**WHAT IS BEING ASKED:** Whatever comes before the line containing "NIIMBOT D11 je" stays out; transcribe that line and all that follow to the end of the records exactly, with no pictures.

**GIVEN RECORDS:**
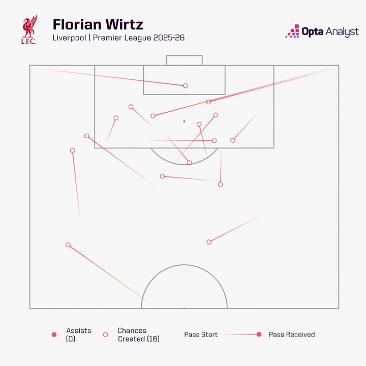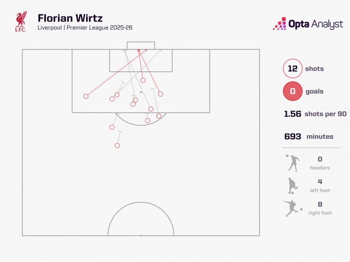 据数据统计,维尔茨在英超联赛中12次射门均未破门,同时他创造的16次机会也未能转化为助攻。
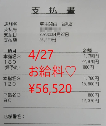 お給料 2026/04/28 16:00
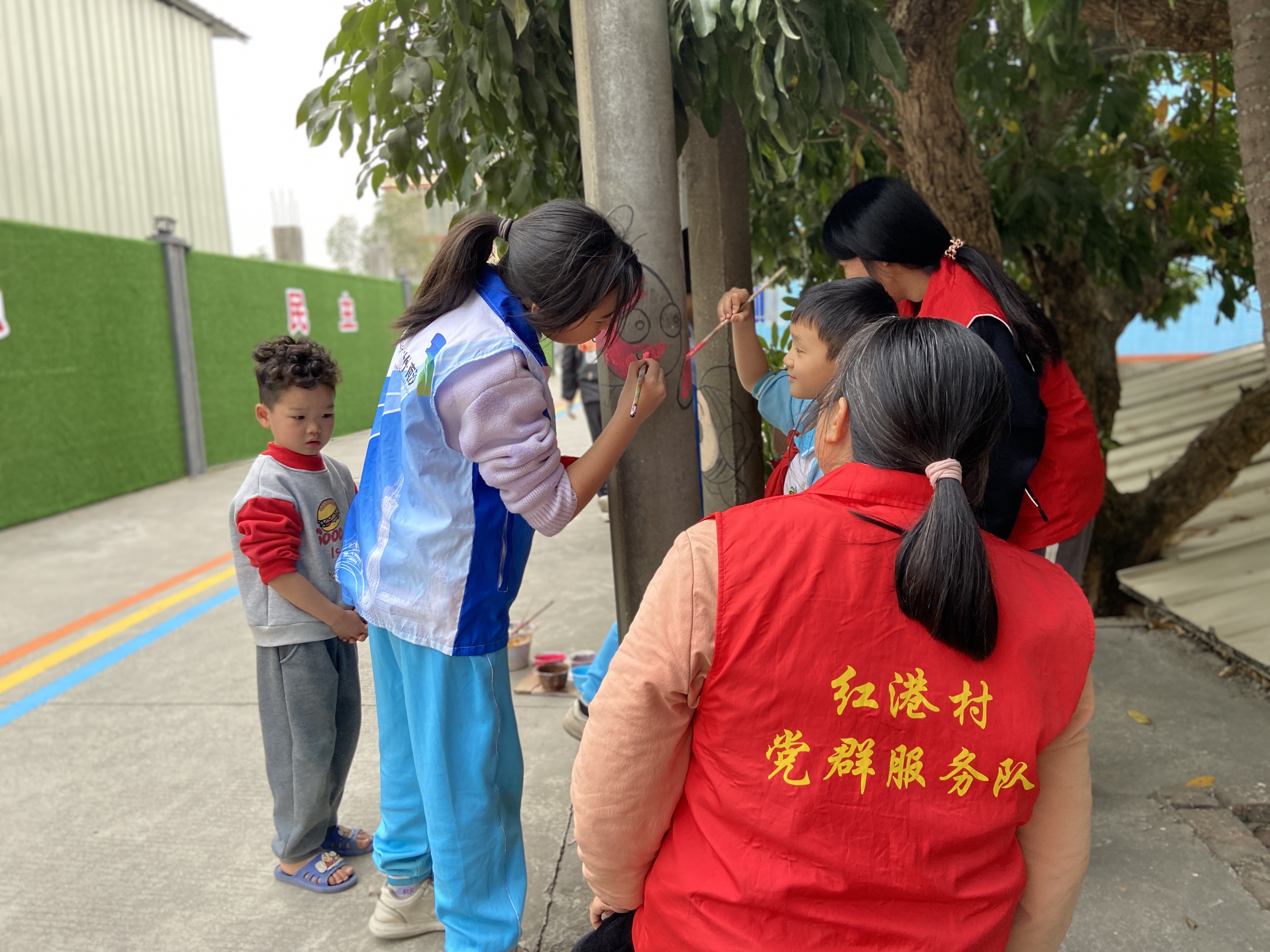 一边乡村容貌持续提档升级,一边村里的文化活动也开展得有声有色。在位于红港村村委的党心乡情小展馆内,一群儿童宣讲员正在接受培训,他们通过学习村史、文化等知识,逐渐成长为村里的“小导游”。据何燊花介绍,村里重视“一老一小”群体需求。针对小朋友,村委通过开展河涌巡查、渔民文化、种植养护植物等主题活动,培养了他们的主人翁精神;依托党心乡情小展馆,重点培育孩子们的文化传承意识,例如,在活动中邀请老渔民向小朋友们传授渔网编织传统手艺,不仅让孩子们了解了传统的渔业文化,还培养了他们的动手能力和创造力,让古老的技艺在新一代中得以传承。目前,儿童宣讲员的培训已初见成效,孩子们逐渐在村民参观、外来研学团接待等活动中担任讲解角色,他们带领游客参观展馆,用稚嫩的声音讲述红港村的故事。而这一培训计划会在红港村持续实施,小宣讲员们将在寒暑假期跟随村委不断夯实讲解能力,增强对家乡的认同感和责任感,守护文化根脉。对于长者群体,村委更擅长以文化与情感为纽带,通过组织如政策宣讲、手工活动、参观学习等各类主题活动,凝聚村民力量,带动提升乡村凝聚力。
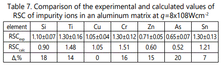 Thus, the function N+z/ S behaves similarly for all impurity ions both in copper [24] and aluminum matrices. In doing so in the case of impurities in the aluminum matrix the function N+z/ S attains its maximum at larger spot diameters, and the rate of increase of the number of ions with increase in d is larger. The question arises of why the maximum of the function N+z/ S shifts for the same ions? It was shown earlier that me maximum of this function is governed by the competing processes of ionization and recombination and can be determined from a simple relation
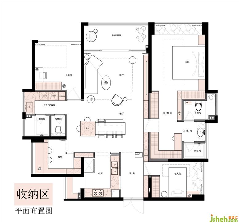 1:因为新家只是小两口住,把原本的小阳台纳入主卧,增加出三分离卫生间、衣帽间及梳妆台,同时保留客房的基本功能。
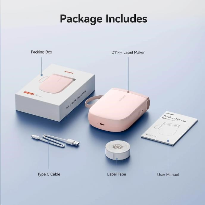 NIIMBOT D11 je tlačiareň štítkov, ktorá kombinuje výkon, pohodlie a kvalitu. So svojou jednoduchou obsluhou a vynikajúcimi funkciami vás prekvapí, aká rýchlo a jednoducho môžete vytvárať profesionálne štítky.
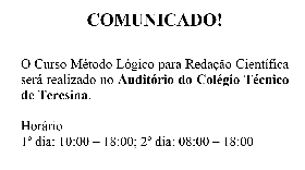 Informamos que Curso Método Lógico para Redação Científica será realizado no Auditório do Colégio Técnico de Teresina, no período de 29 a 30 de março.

**ANSWER TO THE PROBLEM:**
 NIIMBOT D11 je tlačiareň štítkov, ktorá kombinuje výkon, pohodlie a kvalitu. So svojou jednoduchou obsluhou a vynikajúcimi funkciami vás prekvapí, aká rýchlo a jednoducho môžete vytvárať profesionálne štítky.
 Informamos que Curso Método Lógico para Redação Científica será realizado no Auditório do Colégio Técnico de Teresina, no período de 29 a 30 de março.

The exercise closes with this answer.